About half of the companies prefer to work with approved drugs. Neurocure develops new uses for known drugs with a focus on central nervous system markets. The company uses strategies including testing novel combinations of drugs and new dosing ranges. Cambridge, UK-based Arachnova focuses on therapeutic switching – finding new uses for existing drugs.

While most companies focus on drugs that that have been approved or have at least shown to be safe, others don't mind taking on compounds that may have failed safety trials. Rockville, Md.-based Vanda uses pharmacogenetics to define subpopulations of patients with favorable drug responses, and Cambridge, Mass.-based Xanthus Lifesciences is an oncology drug development company that focuses on developing optimal, non-toxic dosing of toxic drugs.

GeneLogic has 17 drug candidates in its drug repositioning program. Sosei, a Japanese company with a reprofiling focus, has 16 compounds in its product pipeline. Xanthus has two products in Phase I and one in pre-clinical testing, while Neurocure and Arachnova both have one compound each in Phase I and II trials and one in a preclinical stage. "If even 10% of shelved compounds are repositioned into beneficial drugs, the returns would be great," says Chizuke Koseki, head of the drug reprofiling platform of Sosei.

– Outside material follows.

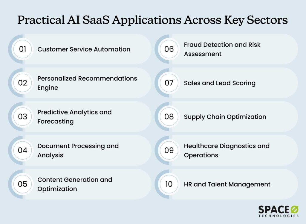 The business case is clear. Now let’s see how this translates into concrete applications. Here are the AI SaaS use cases delivering the biggest returns across industries today.
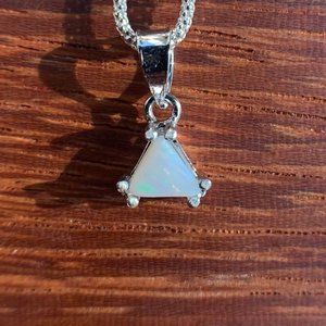 This stunning necklace is handmade and features a beautiful diagonal patterned triangular cut opal as the main stone. The pendant hangs elegantly on an 18-inch spiga/wheat chain. The necklace is made of 925 silver and is perfect for any occasion. It is a statement piece that will surely enhance your beauty fashion.

Such expectations aren't lost on venture capitalists. The average repositioning company has raised about $110 million, mostly from VCs, according to industry reports, and most are privately held. However, GeneLogic is publicly traded, and Boston-based Combinatorx, which develops new medicines from combinations of approved drugs, plans to reschedule an IPO that was shelved in March. The company declines to comment on specifics, as did analysts who cover repositioning companies.